|With its more than half billion users and privately-held status, Facebook's revenue has long been a favorite guessing game for observers from Silicon Valley to Wall Street. But a new estimate from eMarketer says the company will book $1.285 billion in global advertising alone this year, almost double the estimated $665 million the company took in last year. That figure doesn't include Facebook's so-called virtual currency trade, which would nonetheless account for a fraction of the company's overall business.
According to Advertising Age, Facebook's fastest growing area comes from its self-serve ad platform, which launched in August 2007. "We believe it accounted for about half of all ad spending on Facebook," eMarketer senior analyst Debra Aho Williamson said. "It's really become a tremendous business for the company. We didn't account for the size of that business last year in our estimate, but we found that it's become a great tool for direct-marketing advertisers."
The eMarketer analysis stands as a significant third-party verification against some of the provisional numbers floating around in the media. A July Bloomberg article, for example, cited two anonymous sources indicating Facebook would book $1.4 billion this year. A March report from the Wall Street Journal pegged the company's 2010 revenue at a wide range of $1.2 billion to $2 billion, also citing anonymous sources. In both articles, it was unclear whether the information came from inside or outside the company itself.
Like Google, Facebook's self-serve advertisers are largely local, coming from marketing dollars once spent on yellow pages listings. If those advertisers perform anything like Google's, they won't be as cyclical as national brand advertising, giving Facebook a buffer against future ad slumps comments AdAge.
The other half of Facebook's revenue comes from display advertising, which the company recently ramped up after Microsoft's deal to sell Facebook's banner advertising ended in February. The site now serves all its own uniquely sized units; they are smaller and come at a lower price point. That may also explain, despite their hefty revenue, the very low average ad rate of 56 cents for every 1,000 impressions Facebook brings in, compared to the $2.43 average for the internet at large.

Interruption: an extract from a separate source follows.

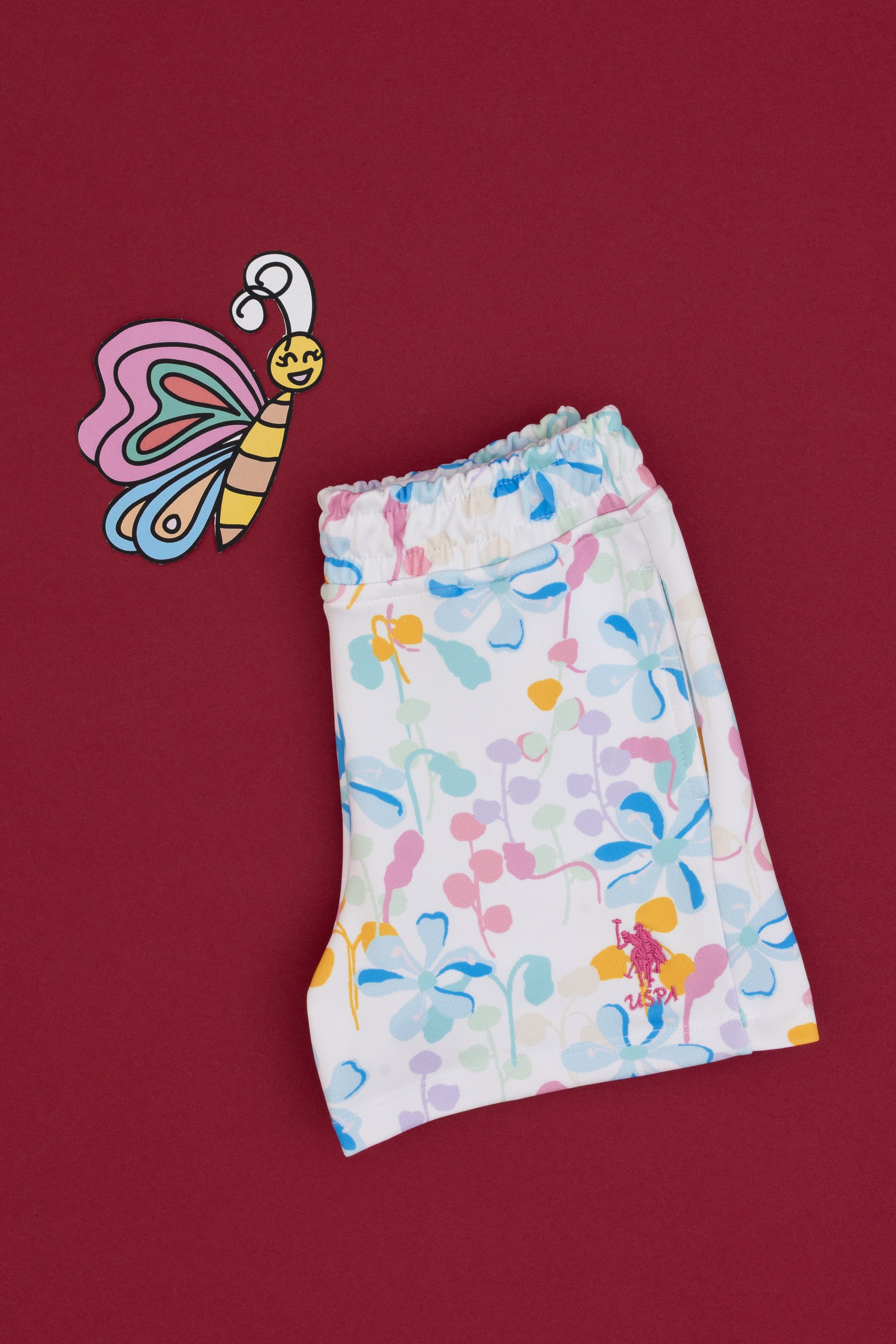 Kız Çocuk Beyaz Çiçek Desenli Relax Fit Örme Şort

In part driving those bottom-dollar ad rates is the fact that Facebook accounts for a significant percentage of all display ad impressions on the web -- 16.8 per cent of all impressions the U.S. in May, according to ComScore. That makes Facebook responsible for almost a fifth of all ad traffic in the country.
While Facebook is ramping up ad revenue, MySpace can barely hang on to the budgets that remain. The News Corp.-owned social site stands to bring in $347 million this year, a 26 per cent drop from the estimated $470 million from last year, according to eMarketer. Further, its going to get worse before it gets better: EMarketer estimates MySpace will come in under $300 million in 2011. The ailing company recently hired ad agency Pereira & O'Dell for its first consumer brand campaign this fall.

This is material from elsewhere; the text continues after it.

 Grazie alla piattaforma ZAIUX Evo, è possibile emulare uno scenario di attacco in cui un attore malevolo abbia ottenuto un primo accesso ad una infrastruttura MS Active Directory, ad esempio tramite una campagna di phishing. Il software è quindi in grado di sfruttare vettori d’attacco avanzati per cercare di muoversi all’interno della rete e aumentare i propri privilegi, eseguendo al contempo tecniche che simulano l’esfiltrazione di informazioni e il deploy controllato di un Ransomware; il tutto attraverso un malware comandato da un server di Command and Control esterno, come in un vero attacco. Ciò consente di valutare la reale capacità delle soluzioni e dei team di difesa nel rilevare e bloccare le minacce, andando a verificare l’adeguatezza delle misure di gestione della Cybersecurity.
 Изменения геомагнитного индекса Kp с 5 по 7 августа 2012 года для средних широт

Even though many in the industry bandy about "social" as a wide-ranging category, Facebook is the only significant player in the space, and its clear supremacy has triggered more speculation over a potential IPO, once thought to be a possibility in 2010. A recent Bloomberg report said any offering has been pushed back at least until 2011.

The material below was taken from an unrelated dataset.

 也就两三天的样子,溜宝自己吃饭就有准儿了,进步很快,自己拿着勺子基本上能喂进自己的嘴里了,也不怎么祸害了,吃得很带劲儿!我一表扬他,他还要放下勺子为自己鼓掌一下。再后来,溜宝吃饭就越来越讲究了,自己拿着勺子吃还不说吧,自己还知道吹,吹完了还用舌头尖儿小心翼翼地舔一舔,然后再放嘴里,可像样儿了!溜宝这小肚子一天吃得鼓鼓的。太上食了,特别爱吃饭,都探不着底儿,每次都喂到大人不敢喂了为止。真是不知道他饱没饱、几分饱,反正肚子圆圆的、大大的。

Demand Media and Skype woke up the tech IPO market with filings over the past few weeks. While both of those have revenue in the $100 million range, Facebook is a much bigger company. A recent round of funding from one of the company's existing backers, Elevation Partners, put the company's latest valuation at $23 billion, according to a report from Reuters Breakingviews. Taking eMarketer's latest revenue estimate into account, that would mean the company is looking at a valuation of 18 times revenue According to the AdAge assessment.